Supermac’s contre Big Mac (McDonald’s)
Tribunal de l’Union Européenne – 5 juin 2024
Les hostilités ont commencé en 2014 lorsque Supermac’s (Holdings) Ltd, chaîne irlandaise de restauration rapide a voulu déployer ses ailes hors de ses terres pour aller à la conquête du marché européen. McDonald’s International Property Co. Ltd, société internationale de restauration rapide, a opposé à cette démarche d’expansion la dénomination de ses produits. Des produits et services de McDonald’s, seul le Big Mac a pu porter ce combat. En effet, cette marque verbale déposée en 1996 est la seule qui comporte les lettres Mac apposées à un préfixe, de quoi créer une confusion avec Supermac’s. Soit ! Son adversaire tente alors la déchéance auprès de l’Office de l’Union Européenne pour la Propriété Intellectuelle, l’EUIPO. Cette dernière a annulé la marque verbale BIG MAC en 2019.
Cette décision a été réformée pour quelques produits et services dont les aliments à base de volaille, sandwiches à la viande, sandwiches au poulet. Supermac’s a alors introduit un recours pour faire annuler la marque pour certains produits.
Dans un arrêt du 5 juin 2024, le Tribunal de l’Union Européenne décide d’annuler la marque BIG MAC pour les aliments à base de volaille et les sandwiches au poulet et les services fournis ou liés à l’exploitation de restaurants et d’autres établissements ou infrastructures de restauration pour la consommation et le drive-in, les préparations de plats à emporter. Il avait été jugé que McDonald’s n’avait pas réussi à démontrer un usage sérieux de la marque BIG MAC pour ces produits et services.
Surprenant vu la popularité du BIG MAC, n’est-ce pas ? Mais voilà, il n’a pas pu être démontré que le Big Mac Chicken avait vraiment la cote en Europe. D’ailleurs, le Big Mac avait tendance à être présenté, y compris par McDonald’s lui-même, comme un Hamburger avec deux galettes de bœuf.

Après un répit de 5 ans à compter de leur dépôt, les marques doivent valablement servir ou s’attendre à périr. C’est l’article 58 du règlement 2017/1000 qui le dit le mieux.
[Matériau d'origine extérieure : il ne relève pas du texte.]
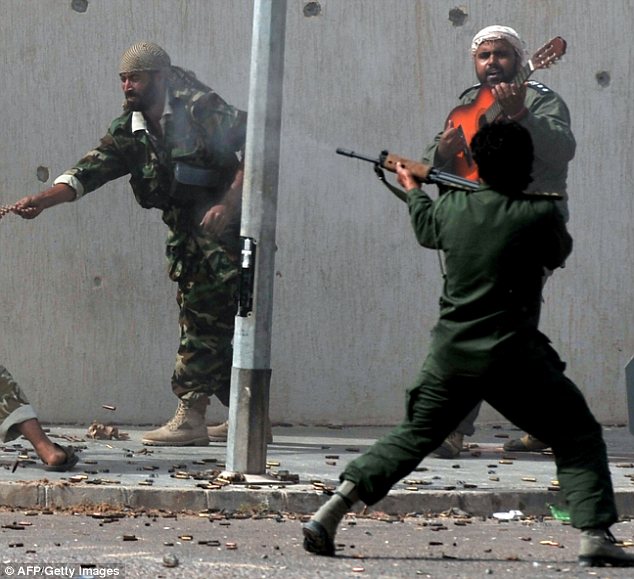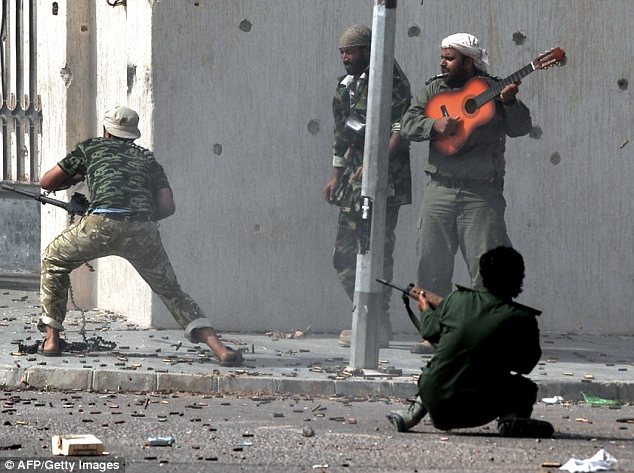 ម្នាក់ដែលលេងហ្គីតាក្នុងសមរភូមិ ខណៈពេលដែលការបាញ់ប្រហារគ្នាកំពុងកើតឡើង
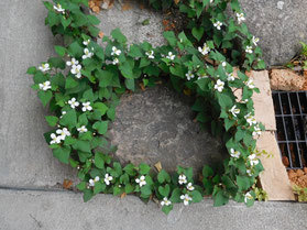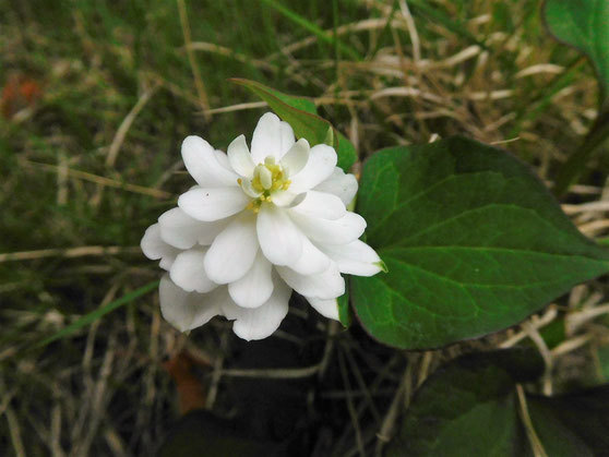 ゆのかの玄関わきに咲いたドクダミが、その名とはかけ離れた、美しく清らかな姿で、このたびの奇跡に「まる」のメッセージを寄せてくれました。ひとえに皆さんあってのことと八重のドクダミも咲いてくれました!(何のコッチャ⁉)
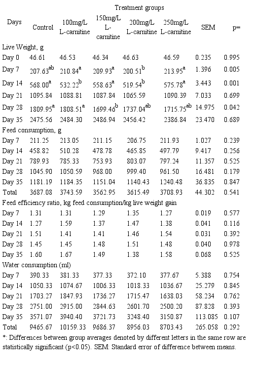 As indicated by table 2, no significant differences were recorded in water consumption values between groups throughout the trial (p>0.05). On the other hand, though not statistically significant, total water intake was higher in the group supplemented with 100 mg/ l L-carnitine compared to the other groups by the end of the trial.
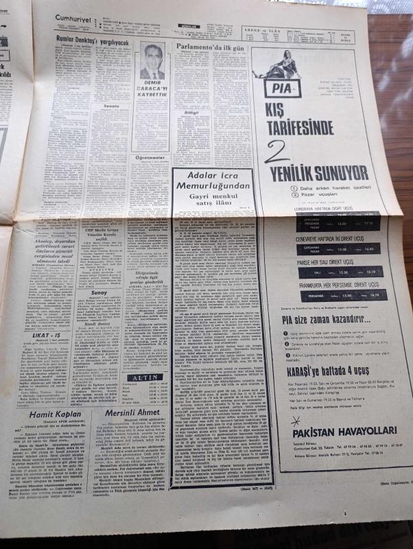 Cumhuriyet Gazetesi - 3 Kasım 1967 - Asıl Yıkıcılar İçerde Yazan Ecvet Güresin Başmakale - Rumlar Rauf Denktaş'ı Yargılayacak - Cumhurbaşkanı Cevdet Sunay Şövalye Oldu Fotoğraf - Adalet Bakanlığı Yeniden 240 Savcının Yerini Değiştirdi - Hersek Gölü Darülacezenin Malı Oldu - TÖS Başkanı Fakir Baykurt - Yeni Bir Açık Kalp Ameliyatında Hastaya Sığırdan Alınan Aort Kapağı Takıldı - Parlamentoda İlk Gün Yazan Fikret Otyam - Besni Ve Sonora 64 - Dayan Bahriyeli Oyunu Tepebaşı Tiyatrosunda - 50. Yıldönümünde 1917 İhtilalinin Hikayesi Çizgi Roman - Ernest Hemingway'in Gözüyle Atatürk Türkiyesi Derleyen Mehmet Barlas Yazı Dizisi - Yayın Hayatı - Sol Yayınları - Yarım Asrın Kuvvetleri Röportajlar Abdulkadir Yücelman - Milyonluk Hata Ve Yolsuzluklara Parmak Basan Spor Toto Teftiş Raporu Yeni Bir Safhada - Basketbolcu Erdal Poyrazoğlu İle Hüseyin Kozlucaya Madalya Veriliyor - Göztepe Atletico Madrid Maçı İçin Pazartesi İspanya'ya Gidiyor - Spartak Basketbol Takımı Altınordu'dan Çekiniyor adlı eser, Kitap > Süreli Yayınlar > Gazeteler > Türkiye > Genel > Günlük kategorisinde İkinci El olarak satıştadır.
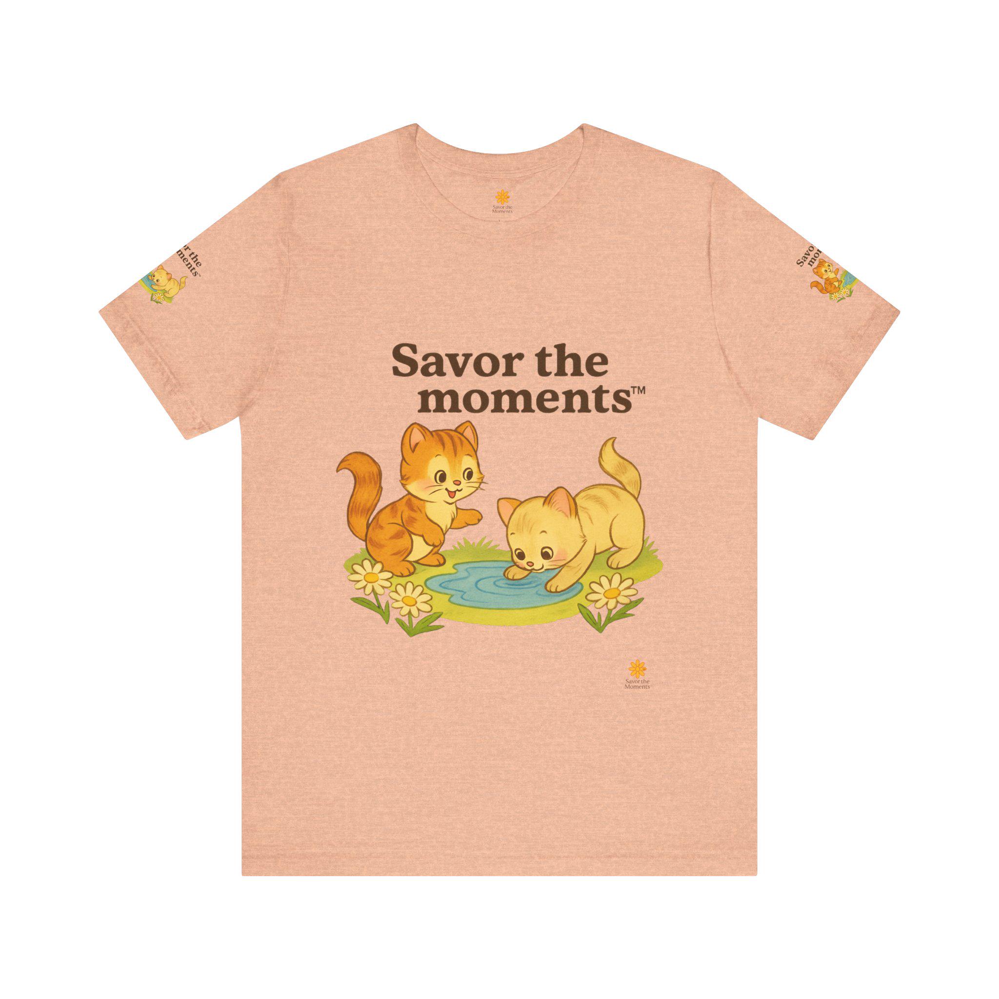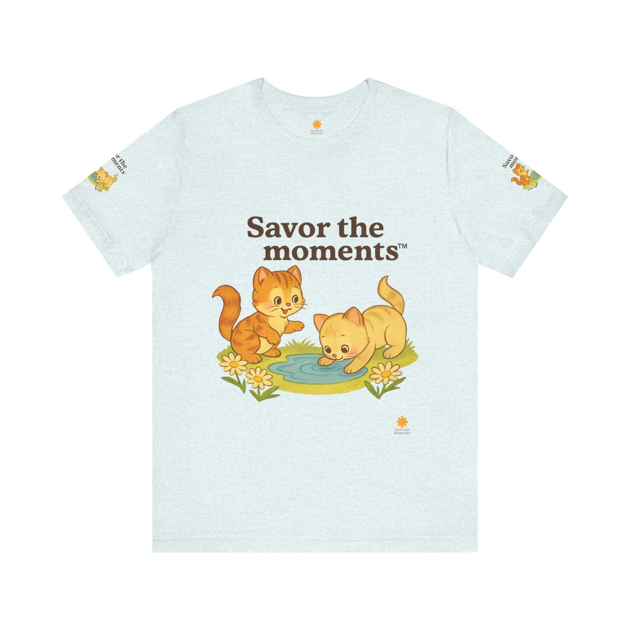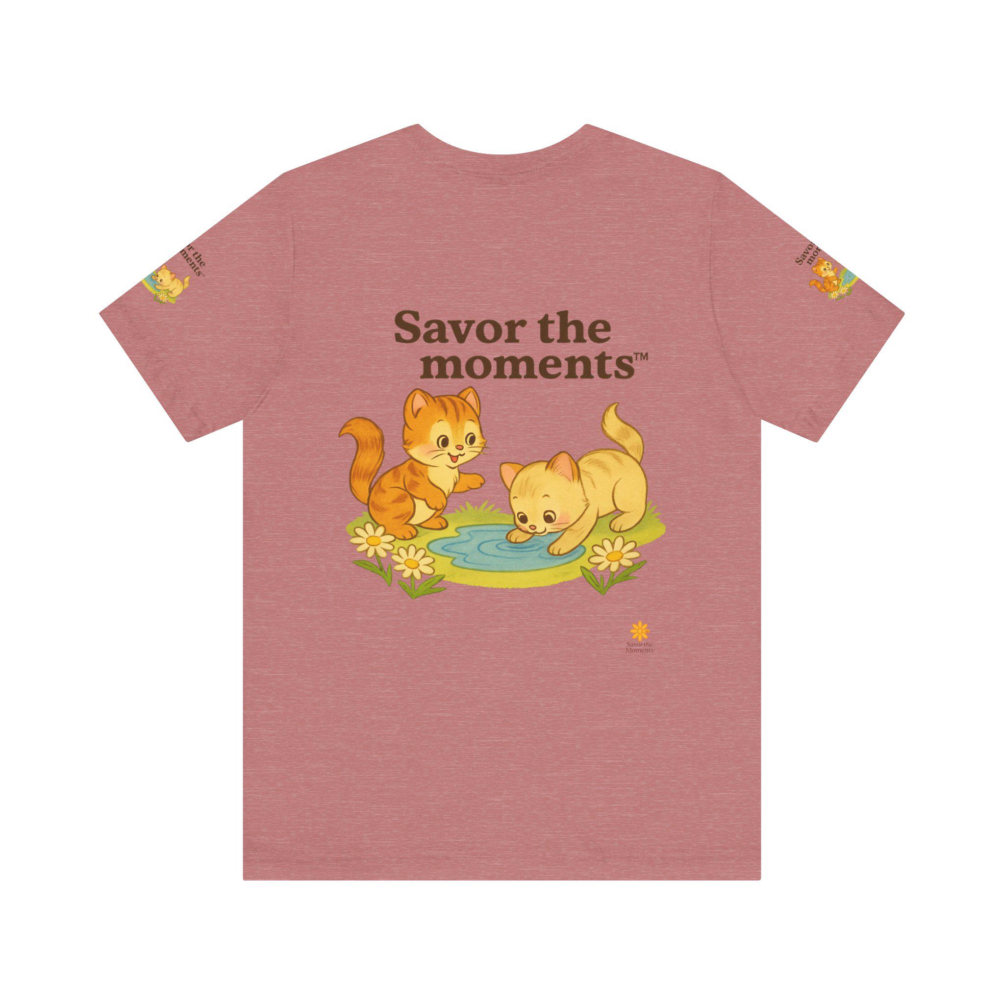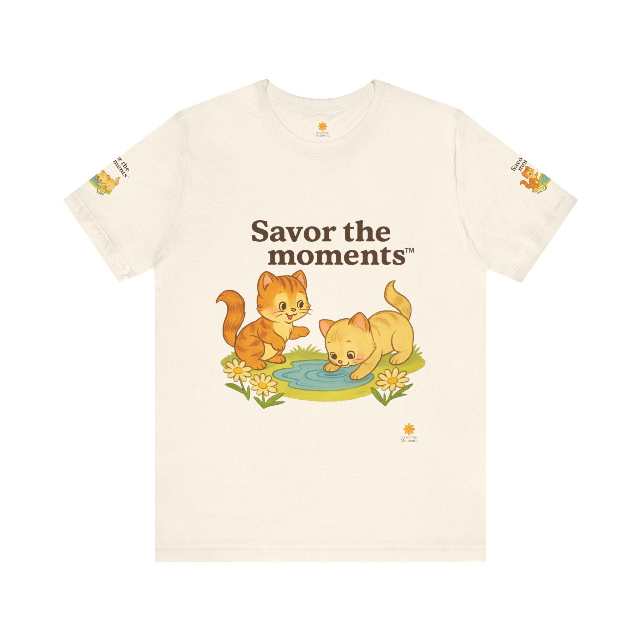 Cute Cat Illustration Tee | Savor the Moments Short Sleeve Shirt, Animal Lover Gift, Pet Enthusiast Apparel, Summer Fashion, Cute [...]
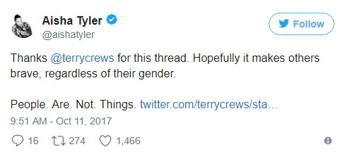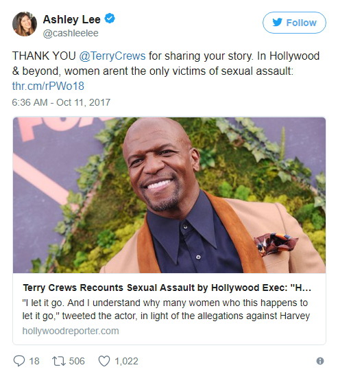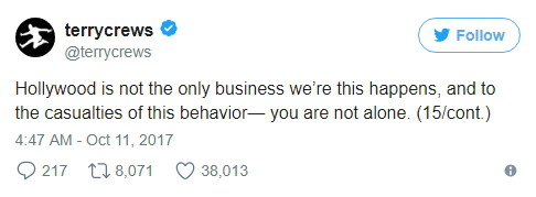 이런 일이 일어나는 건 할리우드뿐만이 아니다. 이런 행위로 피해 입은 사람들에게 전한다. 당신은 혼자가 아니다.
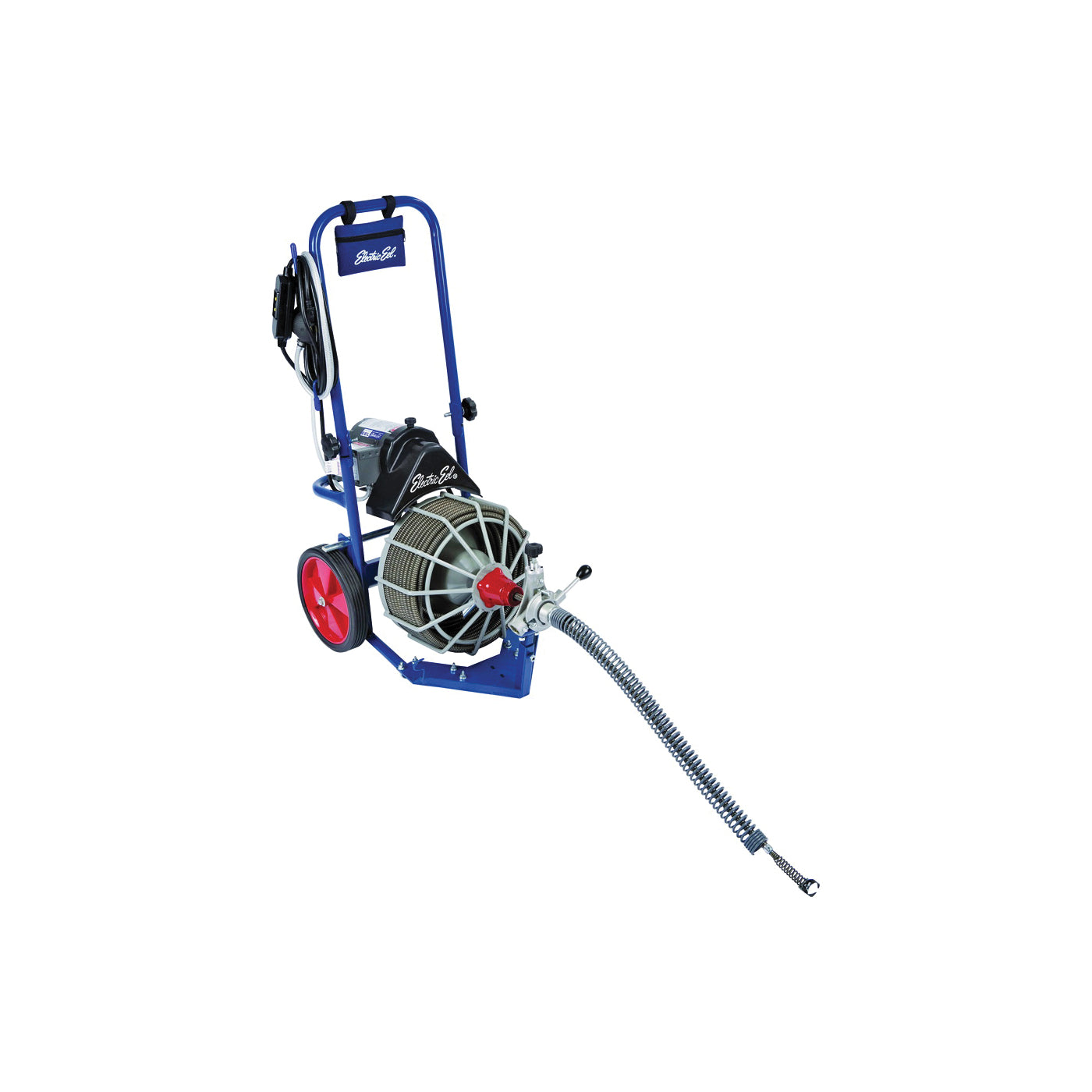 Includes standard five-piece tool set. Unit is built on heavy-duty steel frame with folding handle for easy transport and storage. Power cord is wrapped around conveniently placed brackets for safe, problem-free transport. Ground fault circuit interrupter (GFCI) safety feature comes standard with 20 ft power cord. Easy-to-use air operated foot switch allows the use of both hands when working with cable. Impact-resistant plastic belt guard for additional operator safety. Built-in drum shaft slip clutch minimizes cable and tool breakage and provides overload protection. Unique inner drum design eliminates cable buckling. Cable is 1/2 in certified music wire with genuine galvanized aircraft wire inner core for longer life. Cast aluminum bracket with bearing supported guide tube. Fully open cage for easy cable inspection and cleaning. Large 10 in wheels for better maneuverability. Wheel brake stabilizes unit while in operation. Rugged 1/3 hp reversible Baldor motor delivers plenty of speed cleaning power. Handy tool bag provides convenient storage of tools with unit.
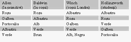 R. W. Schulte stabileste, pe baza experimentala, o scara a culorilor, impartita in cinci clase, in care se cuprind o multime de nuante cromatice dupa valoarea lor perceptiva si aperceptiva.
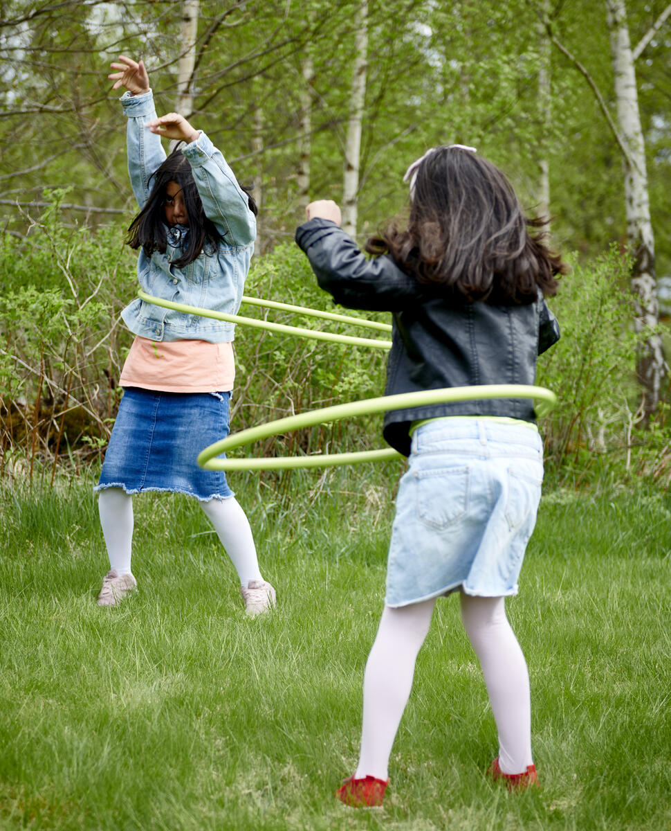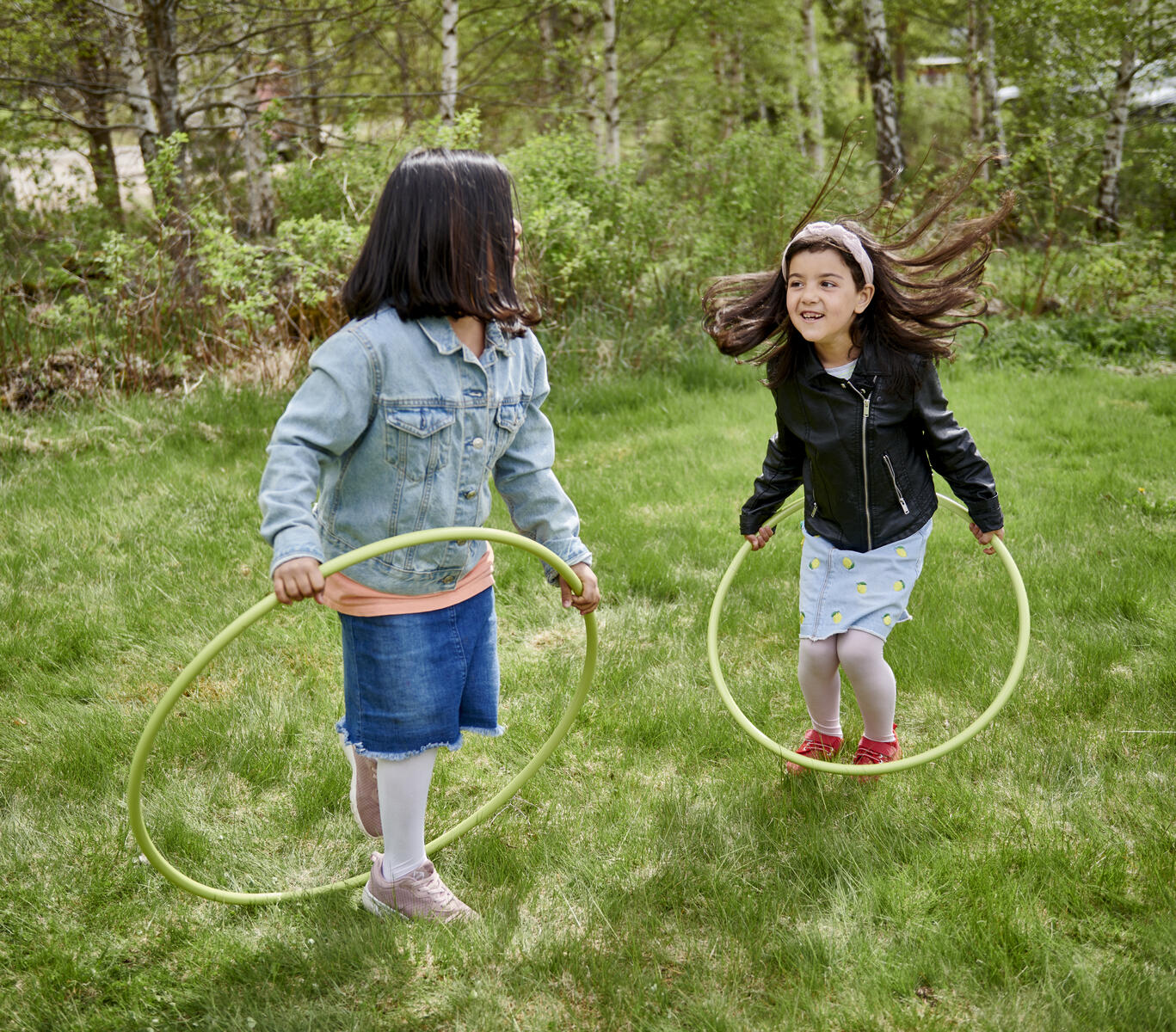 Rockringar i blandade färger. ø 60 cm. Av polypropen och polyeten. PVC-fri. Från 3 år.
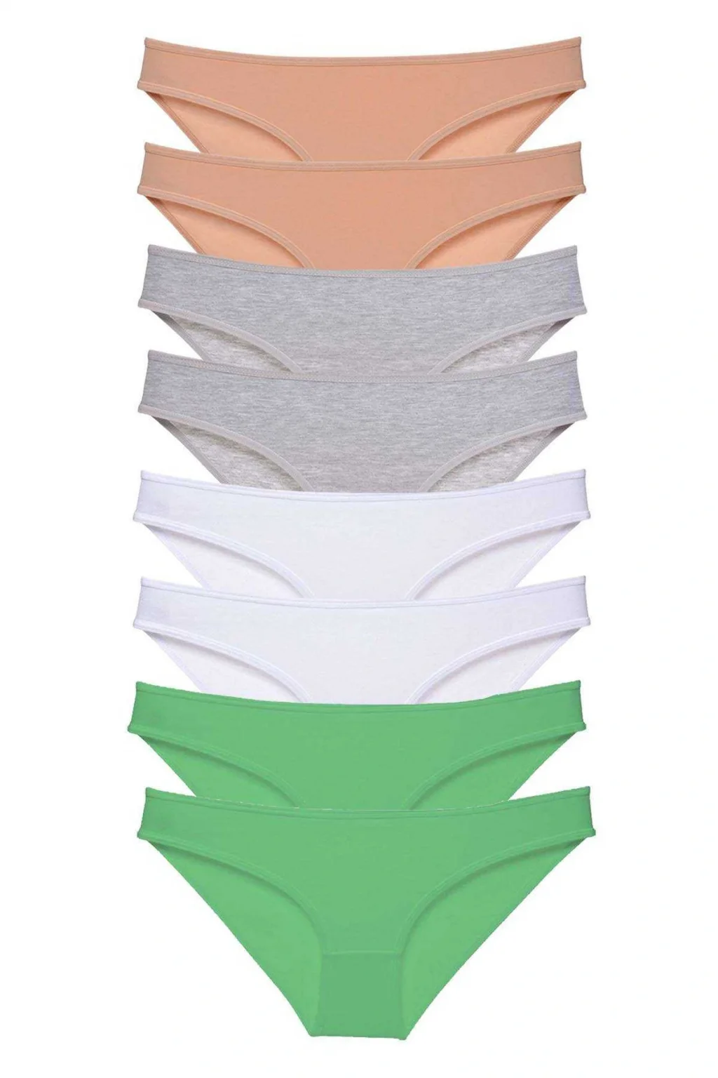 • 8 adet Süper Eko Set Likralı Kadın Slip Külot Ten Gri Beyaz Yeşil
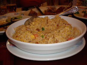 第七碟菜:炒飯。雖然是普通菜式,但是味道不錯。可是,炒飯似乎下多了水,沒有傳統炒飯的蛋包飯的效果。正如食家蔡欄才說:要看一間菜館的廚師出色與否,看他的炒飯及炒河便知一二。如以此為評分標準,這菜館只可得七十分而已。

La preuve de l’usage sérieux d’une marque est un exercice…sérieux, appliqué. Il faut brandir des chiffres, des lettres! Plus sérieusement, il ne faut pas juste exploiter une marque, il faut penser aux preuves de cette exploitation : des affiches publicitaires, des factures, tout ce qui pourrait prouver un lien fort avec le public… Pour apporter cette preuve d’exploitation, il ne faut pas y aller de main morte. Par exemple, l’existence d’une page Wikipédia qui référence le produit ne saurait être suffisante pour démontrer un usage sérieux. C’est déjà pour cette raison que BIG MAC avait perdu le premier round auprès de l’EUIPO.
Cet arrêt du TUE, pour sa part, met surtout en lumière le fait que ce soit produit par produit, service par service que l’usage sérieux doit être démontré. Cet usage sérieux peut être accordé à un produit et pas à un autre.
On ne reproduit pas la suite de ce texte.